We did get to scramble down to our beach here, visit the seals and collect a few agates. Later, we gathered up my mother in law, who is here with us (more on that later) and headed into Yachats for dinner at a restaurant that has become a favorite of ours called the Drift Inn. I know, it sounds like it should be full of smoke, fishermen, their lies and their molls, but it’s just this really laid-back place with reasonable prices and a terrific menu. On this night, there was a heavy-set 60-ish fellow with a Santa Claus beard playing acoustic guitar VERY nicely. His tune selections were an eclectic pastiche of 50s-60s-70s stuff, like some Peter Paul & Mary, some James Taylor, delta blues, the “If I Only Had A Brain” song from Wizard of Oz. My wife said he was like a sort of timeless jukebox, and told him so on the way back from the bathroom. He said, “yeah, but I don’t take no dimes.” The tip jar loomed at the door.

You never know when one will hit you. It might be while you’re in an elevator, or the supermarket, or a rental car whose radio is stuck on an AM band. And you can’t predict what song it will be - Hall & Oates, Harry Chapin, some country thing you’ll never ever hear again. But you’ll be in a mood or situation, or have been brooding about something, and this song, with exactly the right lyrics or evocative of some point in your past, will come screaming out of the ether and hit you right in the gut. On this night, it was Joni Mitchell’s The Circle Game, played by our jukebox friend.
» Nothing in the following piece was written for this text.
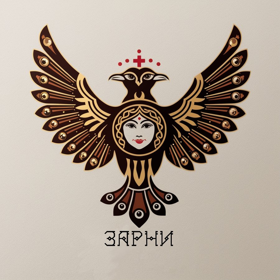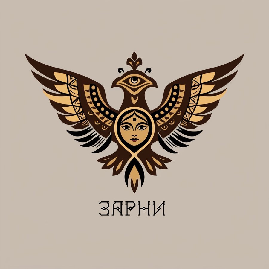 Create a logo inspired by the traditional symbolism and the image provided. The design should feature a stylized bird or eagle with intricate details, including multiple eyes and a central female face symbolizing wisdom and mythology. Use a color palette of gold, brown, and black, avoiding red. The bird’s wings should incorporate patterns reminiscent of northern ethnic motifs, such as geometric lines, dots, and stylized feathers. The design should evoke a sense of cultural heritage, power, and mysticism while remaining modern and clean, suitable for branding and digital applications

As I’ve noted, we’ve been coming to this same lodging on the coast for almost 20 years, beginning when our son was 4. Almost everyplace we go here, there’s some memory of him associated with it: hauling logs to build a crossing over a creek, hunting agates, playing catch on the beach to keep his arm fresh for Little League, hikes he hated to do (loves to hike now), the image of him perched on a window seat with earphones in, reading or playing his Game Boy. The last time we brought him here, he was 14. We brought along his best buddy, partly because the kid’s parents treated Andrew so well and partly as an insurance policy against his being terminally bored by us. Our bad - boredom in teenagers is a multiplicative art form, and these guys were a dream team. It didn’t help that the weather socked in, much worse than this week, and just hosed us constantly each day. The friend had brought along a 9″ black-and-white tv that he’d rescued from a dumpster and revitalized, and a vcr, and they spent almost the entire week, in this very room, playing Forrest Gump and the Star Wars Trilogy in an endless loop. Talk about your Circle Game. We ended up leaving two days early, and for the next three years spent spring break on Maui.

Since he’s been in college, our spring breaks haven’t coincided (my wife teaches in elementary school), and we’ve been coming down here without him, and there’s a certain freedom to do things we like to do without regard for teen angst. Then some song comes along in a seaside restaurant and it’s all you can do to keep your tears in your head:

We can’t return we can only look
Behind from where we came
And go round and round and round
In the circle game

Day 3: Tripping the Lighthouse Fantastic

The weather, after Saturday’s stunning summer preview, has turned decidedly.. changeable. Meaning, it changes every 5 minutes or so. It’s beautiful and fascinating to watch from our heated and well-caulked redoubt, but tougher to deal with if you have designs on vigorous physical activity.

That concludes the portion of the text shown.